In his videos I noticed he actually powered the nodeMCU and LED strip off of a single 5V adapter which made me go ah-ha!
That said, no matter what I do I cannot get any response from the strip at all. The first LED lights up green when connected to the output pin on the MCU but that's it.
if you connected 5V LEDs to a 12V supply, you most likely smoked all of them. The WS2812B's VCC pins are each connected to 5V in parallel on a strip - only the dataline is daiyschained from chip to chip.
NOTORIOUSVR:
BTW, I edited my main post and all links should be working now.
You failed. There are no links in your post. Only pasted web addresses. They cannot be clicked on, so they are not links. You chose to ignore my advice in post #3.
DrAzzy:
2812B requires 5v signal, or close to it. 3.3 is not enough.
Alright I will reconnect the logic shifter and try again, but I've seen you don't need it in the 2nd link where he takes the output directly from the MCU.
PaulRB:
You failed. There are no links in your post. Only pasted web addresses. They cannot be clicked on, so they are not links. You chose to ignore my advice in post #3.
No sure why the forum wouldn't parse the links on it's own during an edit.. but i've manually fixed it now.
Not sure what advise you're speaking of in your post. The LLS which I already said I have done/tried the first time. But like I said above I will try it again before I go and order a new roll of lights.
NOTORIOUSVR:
Not sure what advise you’re speaking of in your post.
The advice to read the forum guide. That would have told you how to post links. You figured that out yourself, I guess, but there is other useful advice in the guide.
Well I know it’s been a while, but I wanted to update.
I tried reconnecting with the LLS in place again… nada.
So I pulled the trigger on 2 new rolls of LED’s (this time WB2813), a 20A 5V PSU and a cheap controller in order to eliminate my ESP controller that I can only control through MQTT.
First I connected my existing WB2812B strips to the new PSU and controller… nada… not a single light or anything.
So I moved on to the new WB2813 and it works like a charm. So it is clear that I pooched the 2812’s by connecting to 12V supply instead of 5V.
Will be testing my MQTT controller next I hope with some success!
I've been getting a similar effect using FastLED with esp8266 and a ws2811 string (50 LEDs). I have not found time to investigate the problem further so far. But I have noticed that I don't get the effect when using NeoPixel library example sketches. It may just be a coincidence. But I will follow your issue with interest.
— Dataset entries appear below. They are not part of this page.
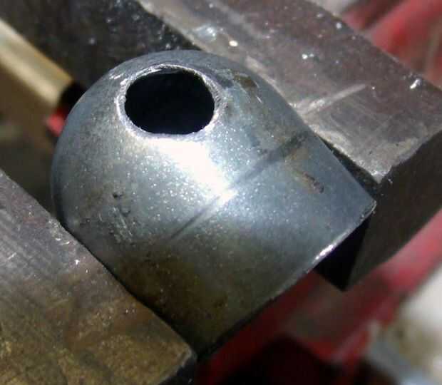 En el borde de la parte inferior curvada del tazón de fuente, hacer unos nicks luz con un disco de corte en la superficie como se muestra. Esto es para crear una chuleta para evitar que la broca resbale.
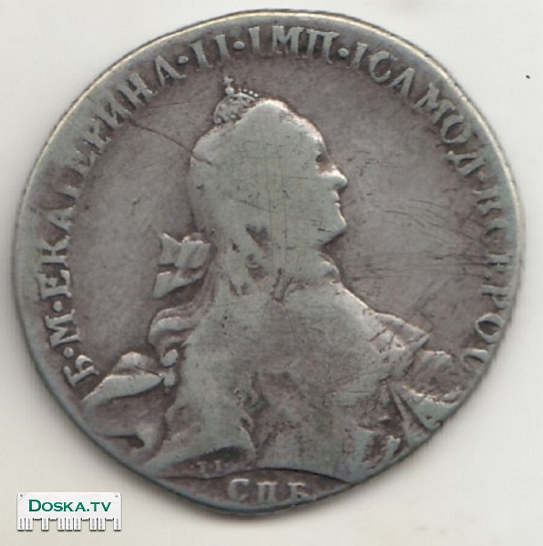 Описание Продам серебряный рубль,Российская Империя,Екатерина 2,ЯI-TI,СПБ 1764 г.,две последние цифры даты затёрты и просматриваются с трудом.
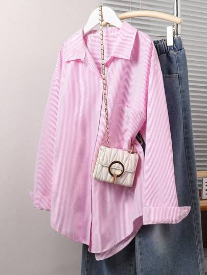 Teen Girl Striped Drop Shoulder Long Sleeve Single-Breasted Pocket Shirt Fall Winter - Pink - View 1

Well that is interesting and also odd that you're seeing this issue with only 50 LED's... Where as in my OP the links with these projects don't seem to have any visible issues of glitching going on.
I'm trying to contact the person who did the youtube/openhab (2nd link in OP) tutorials now to see if there is maybe something I'm missing.
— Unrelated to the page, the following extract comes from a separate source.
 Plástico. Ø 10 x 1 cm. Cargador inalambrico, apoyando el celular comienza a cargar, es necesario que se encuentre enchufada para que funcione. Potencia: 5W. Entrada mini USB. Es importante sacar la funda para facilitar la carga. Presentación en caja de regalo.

The only difference I can note so far from his video and our experiences is you're on WS2811 and I'm on WS2813, where as the youtube video seems to use WS2812 strips.
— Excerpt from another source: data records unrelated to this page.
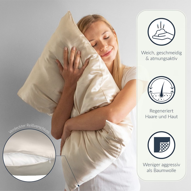 - Youthful skin – the natural proteins and amino acids of mulberry silk have an effect that prevents skin ageing. The 80 x 80 cm silk pillow for skin and hair reduces sleep wrinkles and wrinkles in general in a healthy way without drying out the upper layer of the skin
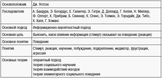 Американский психолог Джон Уотсон (1878—1958) задался целью создать объективную психологию. Он критиковал существовавшее в те годы представление о психологии как об уникальной науке, направленной на исследование сознания только с помощью метода самонаблюдения (интроспекции). Психология, полагал Уотсон, должна использовать те же методы, что и естественные науки. Опираясь на идеи И. П. Павлова, он создал теорию, которую назвал бихевиоризмом. Эта объективная и учитывающая влияние социальной среды точка зрения на долгие годы стала доминирующей в американской психологии. Последователями Уотсона были Э. Торндайк, Э. Толмен (Е. Tolman), Э. Гатри (Е. Guthrie), К. Халл (С. Hull), К. Спенс (К. Spence) и многие другие. Их исследования были в основном направлены на процесс научения (learning), передачи опыта и информации от одного индивида другому (201, с. 542).
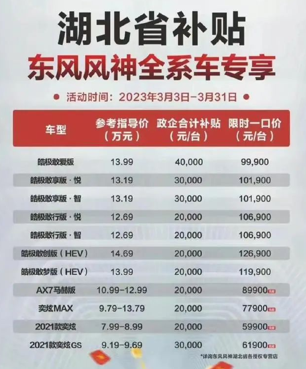 近日,湖北省政府联合东风汽车集团,进行限时政企双补贴购车促销政策。补贴范围涵盖了东风日产、东风本田、东风标致、东风雪铁龙、东风风神等众多品牌,部分合资品牌的车型突破了历史最低售价,这都体现了本次补贴的范围之广、力度之大。
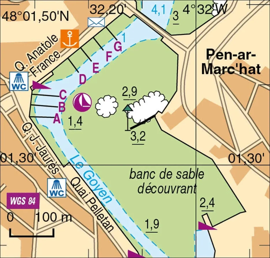 • Port d'échouage, les pontons n'échouent pas A B C.
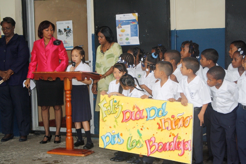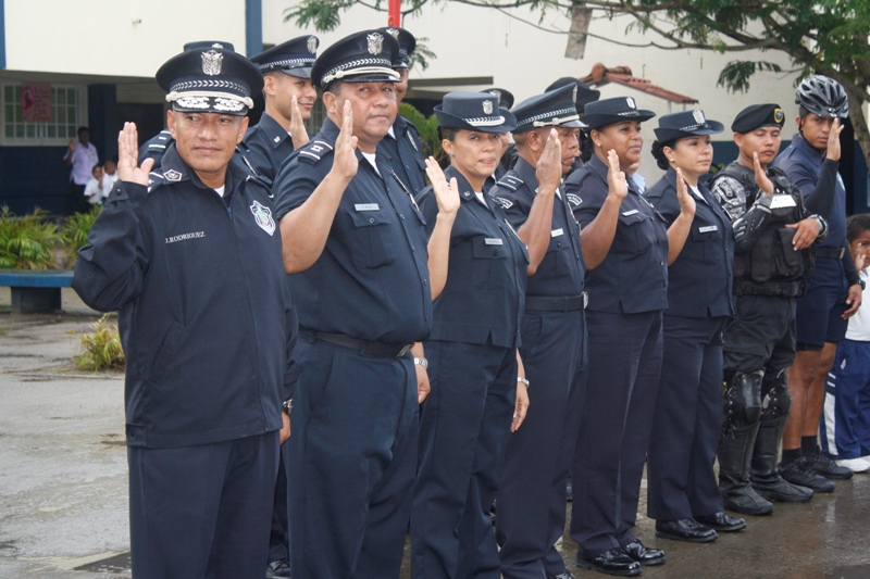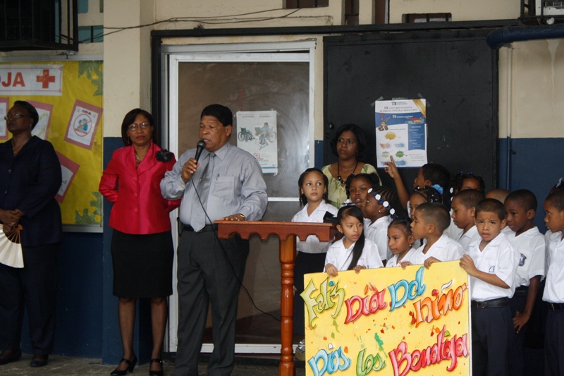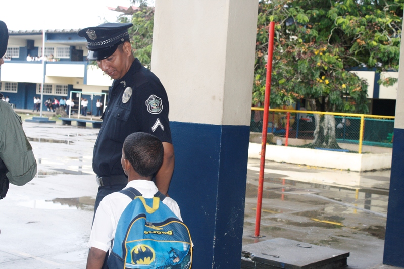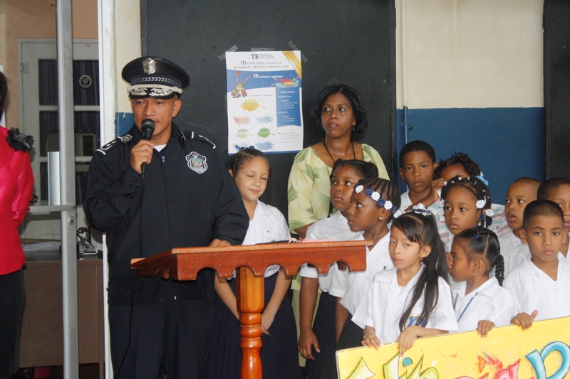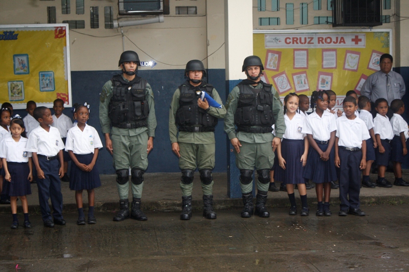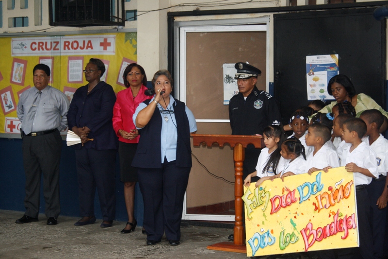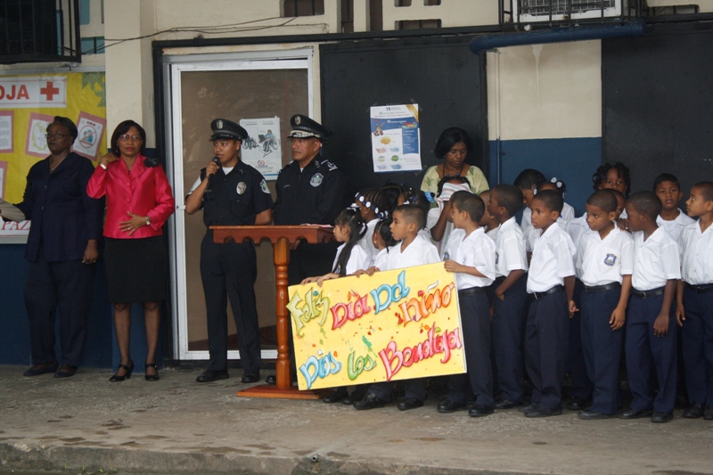 En la mañana de este lunes 22 de julio la Zona de Policía de Colón participó en la izada de la bandera y canto del himno en la escuela Porfirio Meléndez, ubicada en la calle 12 avenida Santa Isabel, acompañado de los cientos de estudiantes que estudian en ese plantel al igual que a los educadores y administrativos. La profesora María del Carmen Bernal directora de la escuela agradeció a la Policía Nacional por su participación ya que ellos en el marco de la celebración del Día del Niño y la Niña quisieron que la Policía Nacional compartiera con sus estudiantes este importante acto cívico. Mientras que el subdirector José Hernández, dijo que, a sus estudiantes les enseñan que la Policía es su “amiga”. La niña Carol Smith, que cursa el segundo grado y quien es nieta de la subteniente Briseida Muñoz que labora en esta zona fue la maestra de ceremonia. Por su parte el Subcomisionado Javier Rodríguez, jefe de Operaciones en representación del Subcomisionado Porfirio Justavino, señaló que este tipo de participación es parte de una programación que tiene la policía para estrechar los lazos de amistad con la comunidad y que mejor que empezar con los niños. Rodríguez, aprovechó la oportunidad para que un integrante de cada grupo o sección que compone la zona policial, se presentara y dijera cual es el trabajo que realiza el grupo o sección que representaba en ese momento.

Well I figured it out... after some more searching and link clicking the other thing that I noticed was different between my setup and the tutorial was the DATA pin (output) I was using D7.
Although I found conflicting info when researching the output pin mapping of the NodeMCU v1.0, I found that D5 is somehow tied to CLK where D7 was not, and maybe that's what was needed to fix this issue.
Sure enough remapping to D5 solved my issues and now the glitching is gone! Only thing left is some slight PWMing going on when I put it to a solid white color... Not sure if there is anything that can be done about that, but seeing as I'm 95% there now I will roll with this and try to concentrate on the last 5% of making it perfect even if that means buying a different board or moving to a different library in the future.